I don't know how much memory to expect to be allocated.
Percpu Memory allocated to the percpu allocator used to back percpu allocations. This stat excludes the cost of metadata.
https://www.kernel.org/doc/html/latest/filesystems/proc.html?highlight=meminfo

Some time back there was a memory leak with check_mk. It doesn't seem to happen at your end but I wanted to post it anyway. Maybe it gives you any ideas.
https://forum.proxmox.com/threads/pve6-slab-cache-grows-until-vms-start-to-crash.58307/

You could try to install pve-kernel 5.4 and see if that resolves it.
 
There is a very serious issue with LXC and ram usage under ZFS. OOMkiller is running constantly on containers that had ram from 5.x that was just fine for them forever. Suddenly i need to add 1, 2 or even 4GB to all containers.

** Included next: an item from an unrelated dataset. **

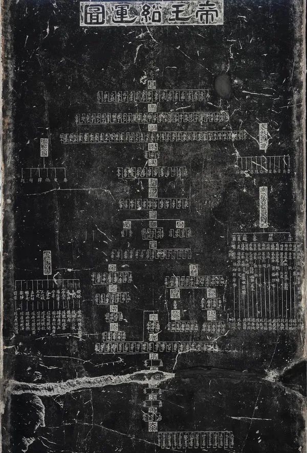 《帝王绍运图》碑是我国现存唯一的石刻帝王世系表图,“自五帝以降,迄于国朝,凡一百九十五君,历三千五百余年”。图中的宋宁宗和“今上皇帝”(宋理宗)是王致远刻碑时添加的,并非出自黄裳原图。

I think caches are being accounted for to the CT's, oomkiller comes when they overrun (I see this on ancient jessie containers running just a couple apaches and a mysql with maybe 150-200MB of ram total in use for the processes, sitting in a 2GB container - then mysql is down, cuz it was killed once the cache grows).

I think the containers are not allowed to evict cache ram (or there's no mechanism for it), and just overflow til OOM comes. And no amount of ram assigned to the container will help because caches just grow until they overflow.

However, if you drop your ZFS caches, suddenly the CT's ram usage goes back to nearly nothing outside of actual processes.

echo 3 > /proc/sys/vm/drop_caches

Then check ram usage on your container.
 
Last edited:
This is ridiculous, this container is running a simple apache and mailman with a gig of ram:

total used free shared buffers cached Mem: 1048576 1048464 112 920736 0 921504 -/+ buffers/cache: 126960 921616 Swap: 1572864 524348 1048516 #ps auxwwf bash: fork: Cannot allocate memory

A very serious issue. Adding more ram wont help, eventually cache will fill. Meanwhile OOMkiller took out part of mailman which wedged it.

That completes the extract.